Does income inequality (really) hurt state tax revenues?(Read article summary)
Standard and Poor's got a lot of attention last week for a study that concluded that rising income inequality is damaging state tax revenues. State tax revenue growth has slowed in recent decades and income inequality has grown, but the story is far more complicated than S&P suggests.
This week the rating agency Standard and Poor’s got a lot of attention for a study that concluded that rising income inequality is damaging state tax revenues.
Well, state tax revenue growth has slowed in recent decades and income inequality has grown. But the story is far more complicated than S&P suggests. Worse, I fear S&P may have flunked Econ 101 and confused correlation with causation. Two things may be true, but it does not mean one caused the other. Margarine does not break up marriages and the number of computer science doctorates doesn’t lead to higher arcade revenues. (Seriously click the link above. The spurious correlations are hilarious.)
S&P’s argument: Following their article concluding that inequality is one factor contributing to slower economic growth, they decided to go further and “find that increasing income inequality is undermining the rate of state tax revenue growth.”High income households drain potential sales taxes because the rich save so much more than others and, thus consume fewer goods and services relative to their income and since one person’s consumption is another person’s income this lowers income tax bills too.
That’s true as far as it goes, but the paper largely ignores other important trends that are major drivers of falling state tax revenues – irrespective of changes in the income distribution.
For example, a major reason why sales tax revenues are in trouble is a shrinking tax base—more of what we buy is tax-free. And a big cause of sagging income tax revenues over decades is a decline in income tax rates, especially for high-income households. In other words, rich people are paying less of their income in taxes because state lawmakers have cut their taxes.
Let’s take these one at a time:
A major reason for declining sales tax revenues is a changing economy. More and more of what we consume is in the form of untaxed services. Personal consumption on goods made up about half of all expenditures in 1960 and was down to one-third in 2010. And more of what we buy we purchase on the Internet, sales that are legally taxable but often uncollected.
In 1950, when the S&P data begin, Jeff Bezos wasn’t even a twinkle in his parents’ eyes. Now Amazon and on-line sales are part of our day- to-day life. Thus, while sales tax revenues may be influenced in part by income inequality (high income people do spend less of their income) blaming the slowdown on the growing income of the Top 1% seems a heavy lift.
Similarly states are relying less on income taxes and their taxes are becoming less progressive. Under a progressive income tax, rising inequality tends to increase revenues since more income is taxed at top rates. But statutory changes at both the federal and state level have offset that effect.
In the 1950s the federal top marginal rate was over 90 percent. By 1980, it had been cut to 70 percent, and by the 2000s, it was half that.

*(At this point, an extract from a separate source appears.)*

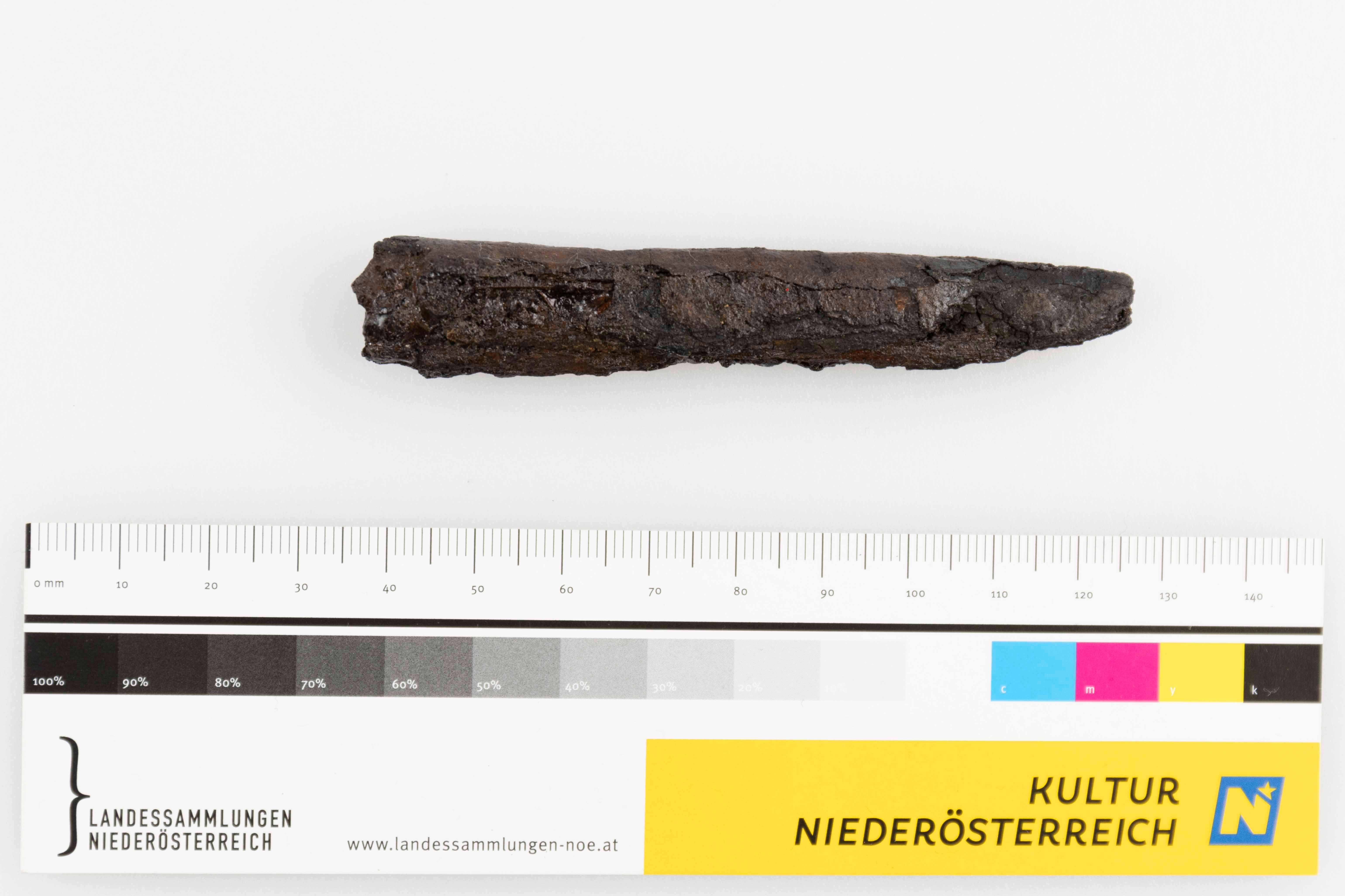 Messer, Eisen, mit ankorrodierten Resten einer hölzernen Scheide. Gerader Rücken, gebogene Schneide, Griffangel fehlt.

State top tax rates have been cut from an average of 8.7 percent in 1980 to around 6.5 percent through most of the 2000s. States have not only cut rates, they’ve also flattened their tax schedules. In more than half of all income-tax states, the top rate goes into effect at $25,000 or below. Thus, high income households pay at the same rate as middle-income families.
Some states are beginning to counter those trends. We’ve seen a recent return to higher top rates in California, New York and other states. At the same time, however, some states such as Kansas are cutting their statutory rates. Many of those changes are so new they are not reflected in the S&P data.
Another big legislative change came in the early 1980s. Before then, a large chunk of the increase in state income tax revenues came from inflation, as households were pushed into higher tax brackets by revenue codes that were not indexed for inflation. But three decades ago that changed as both the federal and most state codes were indexed and inflation rates fell. As a result, the phenomenon known as bracket creep became a less valuable source of tax revenue.
None of this suggests that S&P was entirely wrong. Income inequality may indeed have some effect on state tax revenue. But to know how much, careful researchers need to control for a changing economy and changing state laws. And S&P didn’t do that.
Based on what we know now, it is impossible to know whether income inequality caused the long-run slump in state tax revenues or whether inequality and lower revenues are just fellow travelers on the same path.